# [Task goal]
Copy out the data below as written; omit any images.

# [Collected material]
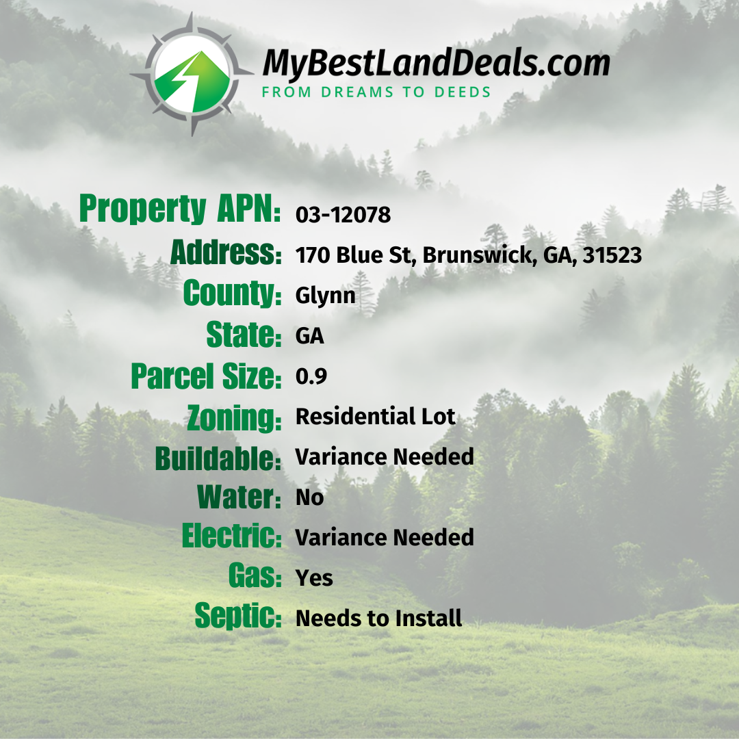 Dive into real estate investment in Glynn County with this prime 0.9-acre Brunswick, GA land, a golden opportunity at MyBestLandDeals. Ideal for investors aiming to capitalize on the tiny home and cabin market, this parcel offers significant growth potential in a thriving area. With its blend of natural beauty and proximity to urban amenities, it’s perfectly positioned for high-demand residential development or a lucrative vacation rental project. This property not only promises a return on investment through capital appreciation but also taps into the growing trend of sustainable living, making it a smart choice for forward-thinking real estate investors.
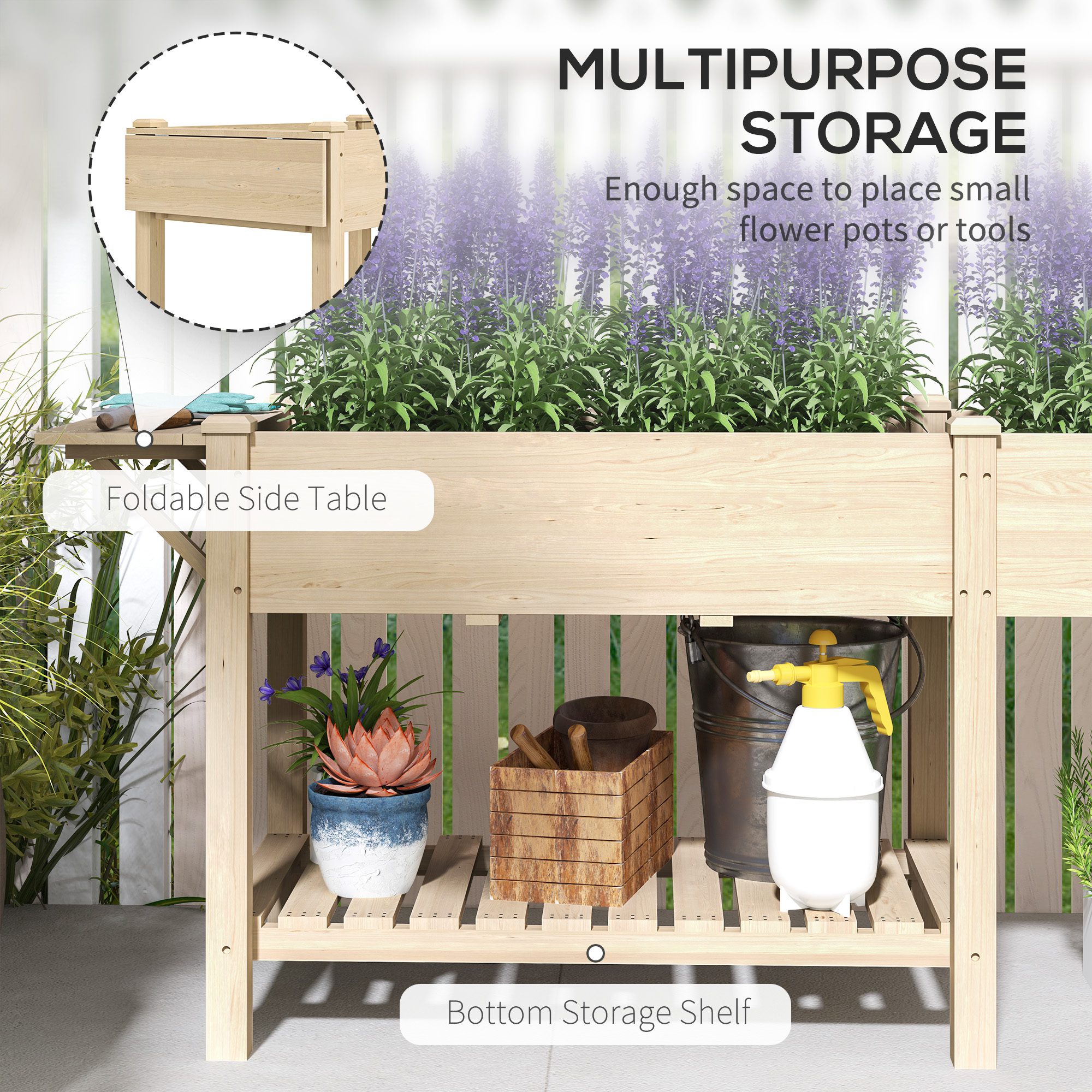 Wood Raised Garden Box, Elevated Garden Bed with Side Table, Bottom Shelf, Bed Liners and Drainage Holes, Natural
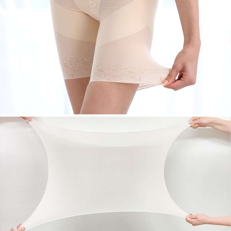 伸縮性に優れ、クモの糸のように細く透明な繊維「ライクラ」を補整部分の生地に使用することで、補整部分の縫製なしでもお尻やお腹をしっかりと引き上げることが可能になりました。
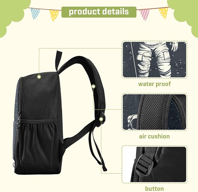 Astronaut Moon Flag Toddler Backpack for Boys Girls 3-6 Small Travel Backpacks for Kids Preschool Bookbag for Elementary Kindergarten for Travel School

# [Response to the task]
 Dive into real estate investment in Glynn County with this prime 0.9-acre Brunswick, GA land, a golden opportunity at MyBestLandDeals. Ideal for investors aiming to capitalize on the tiny home and cabin market, this parcel offers significant growth potential in a thriving area. With its blend of natural beauty and proximity to urban amenities, it’s perfectly positioned for high-demand residential development or a lucrative vacation rental project. This property not only promises a return on investment through capital appreciation but also taps into the growing trend of sustainable living, making it a smart choice for forward-thinking real estate investors.
 Wood Raised Garden Box, Elevated Garden Bed with Side Table, Bottom Shelf, Bed Liners and Drainage Holes, Natural
 伸縮性に優れ、クモの糸のように細く透明な繊維「ライクラ」を補整部分の生地に使用することで、補整部分の縫製なしでもお尻やお腹をしっかりと引き上げることが可能になりました。
 Astronaut Moon Flag Toddler Backpack for Boys Girls 3-6 Small Travel Backpacks for Kids Preschool Bookbag for Elementary Kindergarten for Travel School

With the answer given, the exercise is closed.